# [TASK TO CARRY OUT]
Reproduce from the records below, with no pictures, exactly the lines between the one containing "Комплект из двух" and the one containing "375 грн мінімалістичний", inclusive.

# [DATA SUPPLIED]
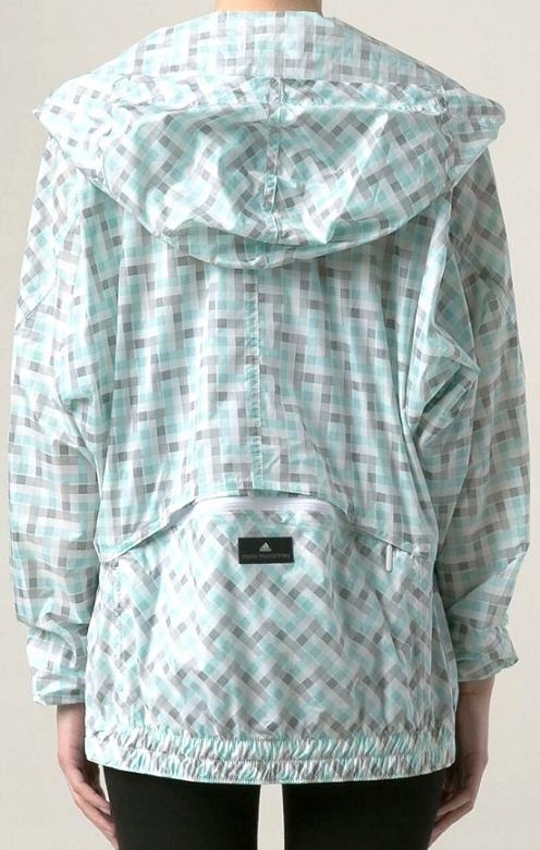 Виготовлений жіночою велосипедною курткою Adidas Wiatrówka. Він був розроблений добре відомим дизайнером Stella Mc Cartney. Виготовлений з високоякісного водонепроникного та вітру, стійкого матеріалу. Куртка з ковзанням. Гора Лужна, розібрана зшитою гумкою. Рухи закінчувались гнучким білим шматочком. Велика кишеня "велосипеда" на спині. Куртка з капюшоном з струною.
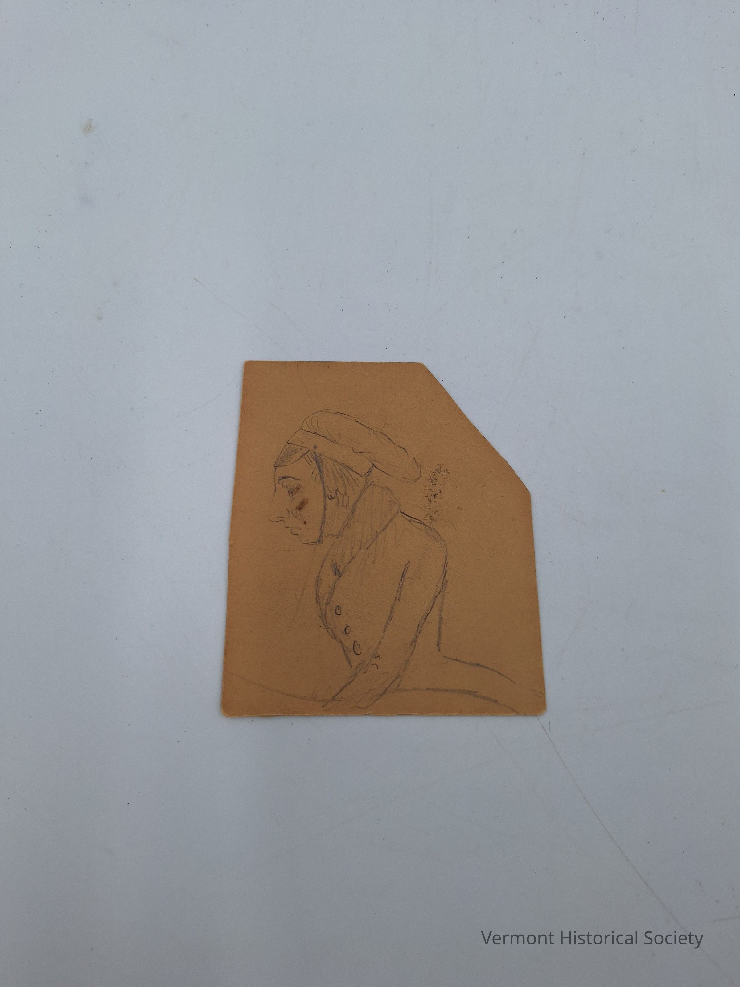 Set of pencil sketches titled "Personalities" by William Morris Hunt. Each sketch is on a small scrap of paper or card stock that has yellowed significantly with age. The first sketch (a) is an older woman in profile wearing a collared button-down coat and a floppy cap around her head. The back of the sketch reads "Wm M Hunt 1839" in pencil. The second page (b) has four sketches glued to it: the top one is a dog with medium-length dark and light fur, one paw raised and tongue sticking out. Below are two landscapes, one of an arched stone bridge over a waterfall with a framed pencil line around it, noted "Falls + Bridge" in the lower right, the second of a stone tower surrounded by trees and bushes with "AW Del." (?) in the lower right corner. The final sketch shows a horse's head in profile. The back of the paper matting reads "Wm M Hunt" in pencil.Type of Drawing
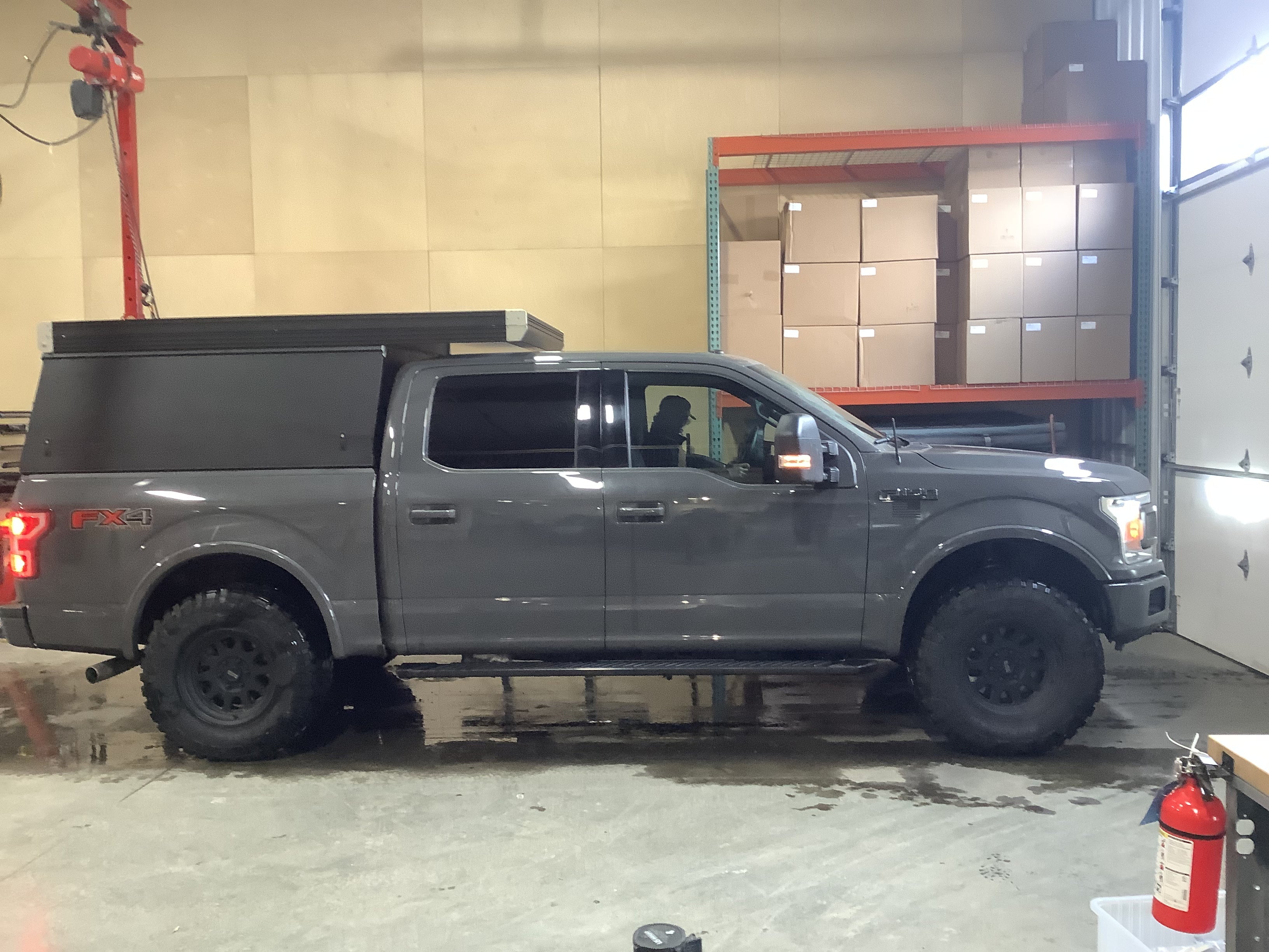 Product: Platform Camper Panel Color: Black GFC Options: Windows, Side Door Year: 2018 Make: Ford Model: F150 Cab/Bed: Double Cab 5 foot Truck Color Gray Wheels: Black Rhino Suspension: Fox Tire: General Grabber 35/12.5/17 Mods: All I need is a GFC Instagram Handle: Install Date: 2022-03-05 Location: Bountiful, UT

...

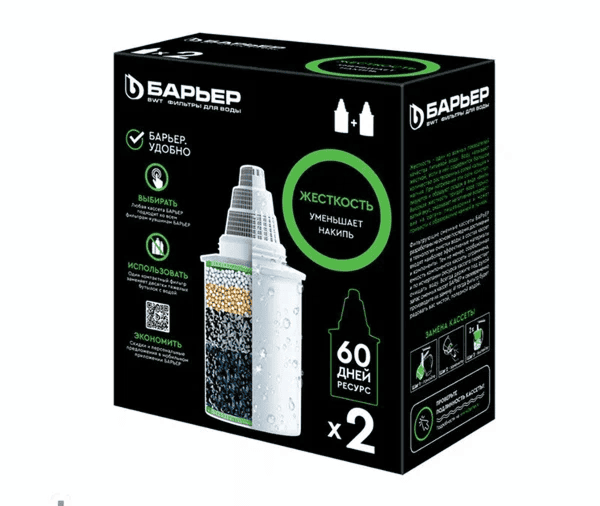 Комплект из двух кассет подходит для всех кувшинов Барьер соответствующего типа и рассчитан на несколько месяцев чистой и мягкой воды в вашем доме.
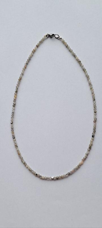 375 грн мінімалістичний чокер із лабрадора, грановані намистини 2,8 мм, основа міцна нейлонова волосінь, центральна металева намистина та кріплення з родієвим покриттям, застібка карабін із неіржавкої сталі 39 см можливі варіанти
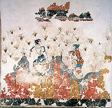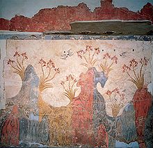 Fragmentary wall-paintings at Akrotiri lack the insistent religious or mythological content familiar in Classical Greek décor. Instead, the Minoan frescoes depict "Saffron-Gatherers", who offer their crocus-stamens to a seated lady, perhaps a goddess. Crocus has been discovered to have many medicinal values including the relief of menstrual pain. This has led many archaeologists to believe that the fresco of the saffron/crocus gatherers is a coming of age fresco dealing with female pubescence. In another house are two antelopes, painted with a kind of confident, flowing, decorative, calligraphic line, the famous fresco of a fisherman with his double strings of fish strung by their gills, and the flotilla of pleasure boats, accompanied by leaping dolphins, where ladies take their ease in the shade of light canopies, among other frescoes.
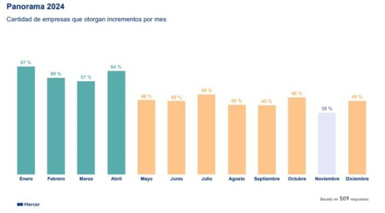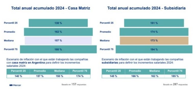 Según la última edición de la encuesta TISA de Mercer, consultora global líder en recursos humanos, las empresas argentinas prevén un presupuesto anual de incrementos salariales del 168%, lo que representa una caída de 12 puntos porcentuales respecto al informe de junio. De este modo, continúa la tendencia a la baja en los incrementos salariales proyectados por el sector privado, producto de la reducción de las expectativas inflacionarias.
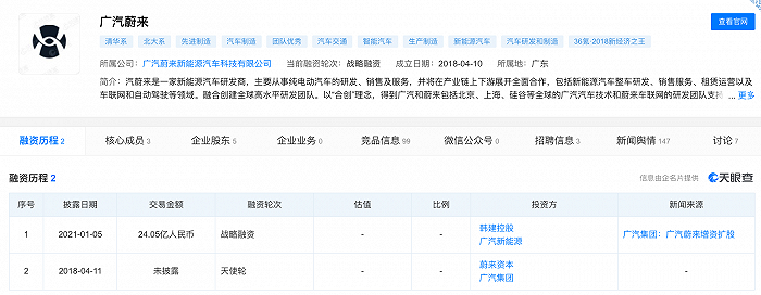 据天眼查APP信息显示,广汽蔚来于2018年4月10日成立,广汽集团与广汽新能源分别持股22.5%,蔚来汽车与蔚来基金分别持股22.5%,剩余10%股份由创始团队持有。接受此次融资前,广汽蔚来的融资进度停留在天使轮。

==

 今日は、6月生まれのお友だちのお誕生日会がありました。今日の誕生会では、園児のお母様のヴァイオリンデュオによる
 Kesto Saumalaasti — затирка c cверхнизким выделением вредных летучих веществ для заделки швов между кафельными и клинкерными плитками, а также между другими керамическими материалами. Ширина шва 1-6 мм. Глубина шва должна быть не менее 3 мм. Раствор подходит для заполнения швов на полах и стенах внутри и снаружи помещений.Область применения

# [ANSWER FOR THE TASK]
 Комплект из двух кассет подходит для всех кувшинов Барьер соответствующего типа и рассчитан на несколько месяцев чистой и мягкой воды в вашем доме.
 375 грн мінімалістичний чокер із лабрадора, грановані намистини 2,8 мм, основа міцна нейлонова волосінь, центральна металева намистина та кріплення з родієвим покриттям, застібка карабін із неіржавкої сталі 39 см можливі варіанти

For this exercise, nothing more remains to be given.